Henry Box Brown the Musical Journey is NOT a re-enactment of slavery. It is about the triumph of the human spirit – that crosses racial boundaries. It is about a celebration of culture and music – that binds humanity together in ways unquantifiable – that only music can do. It resurrects the voices of the past and gives homage to the original artists and the original storytellers …

It’s a musical featuring some of New York’s finest gospel singers and Broadway artists which tells the story of an 1850s Virginia slave who had himself shipped to freedom in a box. Created by Tony Award winner Ben Harney (Broadway’s Dreamgirls) and writer Mehr Mansuri it blends gospel, R’n’B, bluegrass and original a capella spirituals. It’s a truly uplifting show about the human capacity to transcend.

How long have you been working on this show and what is it that makes it relevant to audiences in 2018?
I have been working on the play and music since 2008 and last summer we began workshopping to large audiences who would be invited to stay for a post-show workshop and social action and audience engagement challenge. This is where I am most thrilled to see that we can not only enjoy the story, the music and the rich history of heroes in the darkest chapter of man’s history… but to see the capacity for transcendence among our audiences and their desire and ability to translate their inspiration into pledges of action- especially at a time in the world where the weeds of racism are spreading like wild fire far – and our social skills are relegated to profiles, platforms and pokes and the counterfeit experience of having meaningful conversation and the art of true discourse. We wanted to make sure the production did not exceed 90 minutes and ran at a good pace – that would leave the audience wanting more … and wanting to find out more … and to be more engaged in the questions, rather than preachy answers. The questions that haunt us all. Why would humanity inflict such pain? And how and where does resilience come?

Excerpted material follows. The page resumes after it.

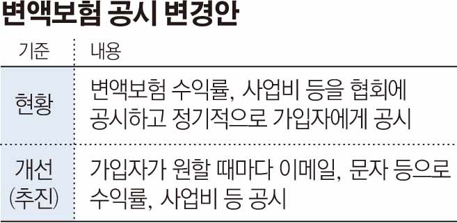 업계와의 의견 조율은 이미 마친 상태다. 금융위 관계자는 “업계와 비용 부담 등 의견을 들었는데 큰 문제는 없는 것으로 확인했다”며 “도입에는 문제가 없을 것”이라고 말했다. 변액보험은 목돈이나 노후생활자금 마련 등 ‘재테크’를 목적으로 활용된다. 때문에 사고나 위험 발생에 대비하기 위해 가입하는 보장성보험과 다르다. 특히 보험료 중 일부를 보험사가 주식이나 채권 등으로 운용, 가입자에게 수익을 나누는 형식이다. 그만큼 수익률, 사업비 등 수익성에 영향을 줘 정보에 가입자들이 민감할 수 밖에 없는 구조다.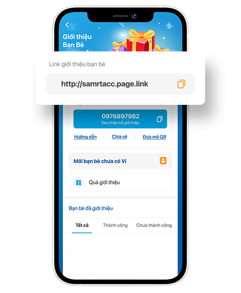 1 Cách 1: Bấm vào Biểu tượng hoặc Banner "Giới thiệu bạn" là Mã giới thiệu sẽ tự động kích hoạt

Do you have any top tips for surviving the Edinburgh Fringe Festival – both for performers and visitors to the event?
I have not come up for air yet…much less to advise others. But I know that I feel centered on a mission that goes beyond a walk down memory lane and that grounds me for the long haul… long after we leave the Fringe.

What has been the funniest or most embarrassing thing that has ever happened to you on stage?
While performing the role of an Arab terrorist wife, I forgot the Arabic phrases (nowhere near the Farsi language) and just began screaming a favourite Baha’i poem (in Arabic) as though it was a litany of insults. My Arab stage “husband” was not amused!

Who are your biggest inspirations in the industry and why?
Social change writers: Athol Fugard (Master Harold and His Boys), Yazmina Reza (Skylight), Harper Lee (To Kill a Mockingbird), and totally not in the same category but a guilty pleasure, Nick Hornby (High Fidelity).

Do you have any pre-show rituals?
Pray. Sing. Pray. And play with my five year old daughter, who reminds me to keep it real.

What other acts are you looking forward to seeing at Edinburgh Fringe?
Simon Callow one-man show. A favourite actor.

Why do you think people should come and see your show over the thousands of others on at the fringe?
We are living in the most challenging and, arguably, exciting time in human history, when mankind is coming of age and undergoing the convulsions of adolescence. Henry Box Brown converges upon this “stage” of time in society, by striking a chord at the very soul of the question of who we are as humanity, and who we want to be.

It is also a first ever musical that not only tells an untold American story but fuses together a tapestry of the most riveting and rare collection of negro spirituals.